Interpreting single-cell aging data — caveats
Batch effects across studies: Cross-dataset comparisons in CellxGene Census require batch correction. Genes that appear up in one study’s “aged” condition may reflect technical batch rather than biology. Prefer within-study comparisons (e.g., TMS which controls technology and genetic background).
Cell annotation heterogeneity: Cell type labels differ across studies. “Macrophage” in one study may be “monocyte-derived macrophage” in another. Use CL ontology terms where available for cross-study comparability.
Pseudobulk for DEG: Single-cell DEG analysis is best done pseudobulk (aggregate per-cell-type per-donor, then use bulk DEG methods). Naive single-cell tests inflate N and produce spurious significance. When citing scRNA-seq DEGs, note whether the paper used pseudobulk or naive approaches.

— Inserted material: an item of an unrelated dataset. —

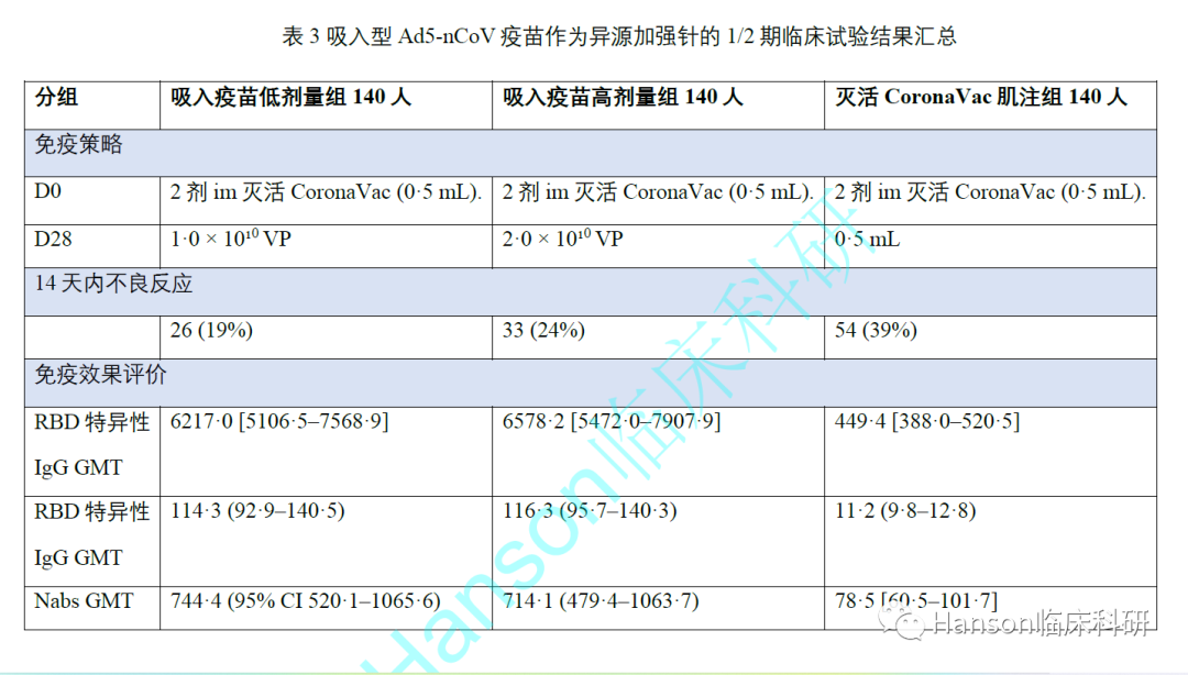 另外一项临床试验(NCT05043259)中研究者将吸入型疫苗作为接种2剂灭活疫苗后的加强针比较了其与灭活疫苗的效果差别【12】,这项研究具有现实意义,为国内接下来的接种策略优化提供了参考和依据。

Mouse vs human: All TMS data is mouse. Map findings to human where possible via Census human data or HPA single-cell. Flag any claim extrapolated from mouse scRNA without human support as #gap/needs-human-replication.
Tissue composition vs per-cell expression: Bulk RNA-seq “age-correlated expression” is often explained by cell-type proportion shifts (e.g., more senescent cells in aged tissue). Single-cell data disambiguates this. When citing bulk tissue aging claims, always check if single-cell data is available to rule out cell-composition confound.

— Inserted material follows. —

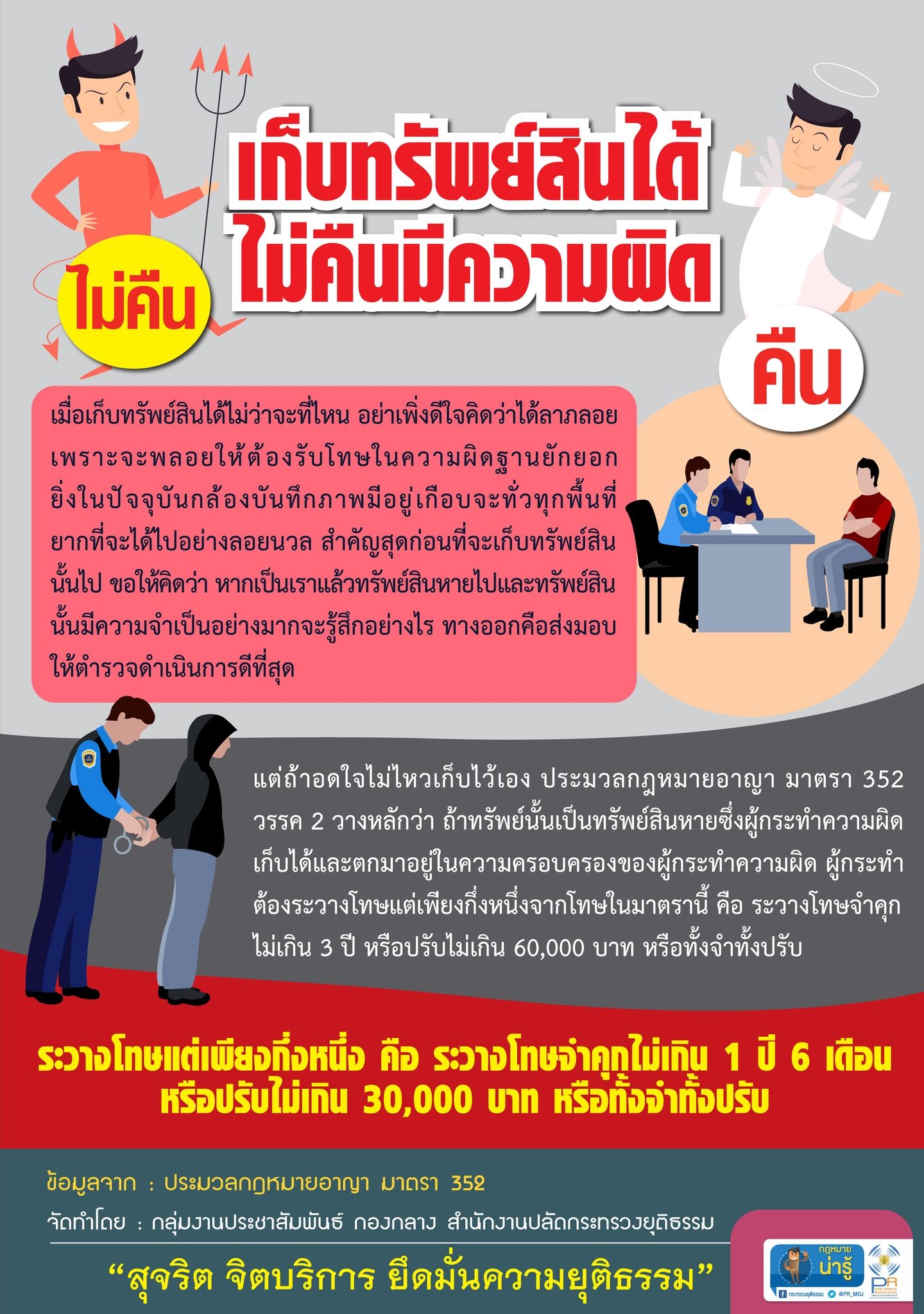 ทั้งนี้ กระทรวงยุติธรรมได้ให้คำแนะนำเพิ่มเติมว่า ในปัจจุบันมีกล้องวงจรปิดครอบคลุมเกือบทุกพื้นที่ ยากที่จะรอดพ้นการตรวจสอบ ทางออกที่ดีที่สุดเมื่อพบเจอทรัพย์สินของผู้อื่น คือการส่งมอบให้เจ้าหน้าที่ตำรวจดำเนินการติดตามหาเจ้าของ เพื่อความถูกต้องและสบายใจ

Workflow for a cell-type page
- Search CellxGene Census for datasets containing this cell type across ages in both human and mouse.
- Query TMS for the mouse equivalent — extract top DEGs (young vs old) if the cell type is represented in TMS.

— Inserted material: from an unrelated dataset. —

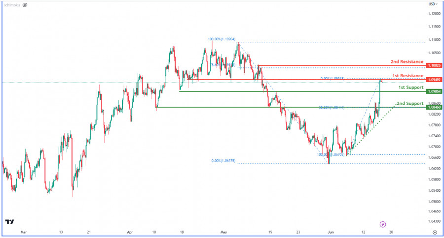 EUR/USD, H4 | Возможность падения цены к 1-му уровню поддержкиИнстаФорекс - Instaforex, 2 года назад График валютной пары EUR/USD указывает на наличие бычьего импульса. Котировка располагается выше важной линии восходящего тренда, что является признаком возможного дальнейшего восходящего движения. В краткосрочной перспективе цена может упасть до первого уровня поддержки 1,0905, прежде чем отскочить к первому уровню сопротивления 1,0949. Значительные уровни поддержки располагаются на отметках 1,0905 и 1,0846, от которых возможен откат. Эти уровни также совпадают с коррекцией Фибоначчи 38,20%. Первый уровень сопротивления 1,0949 действует как сопротивление с перекрытием, в то время как второй уровень сопротивление 1,1002 является локальным максимумом и совпадает с коррекцией Фибоначчи 78,60%. |

- Cross-check top DEGs against the protein pages already in the wiki (do any implicated genes have pages here?).
- Summarize cell-proportion changes (is this cell type more/less abundant in aged tissue?).
- Fill
single-cell-aging-signature:frontmatter. - Write a “Single-cell aging evidence” section in the body with citations.
- If no TMS representation and no Census data: set field to
null+#gap/no-singlecell-data.
Linking single-cell data to protein pages
On type: protein pages, under a “Cell-type-specific expression” heading, reference relevant cell-type pages (via [[wikilinks]]) and note whether TMS or Census data shows age-correlated expression of this protein specifically in one cell type.
See also
- finding-tissue-expression — bulk tissue GTEx data (complementary to scRNA)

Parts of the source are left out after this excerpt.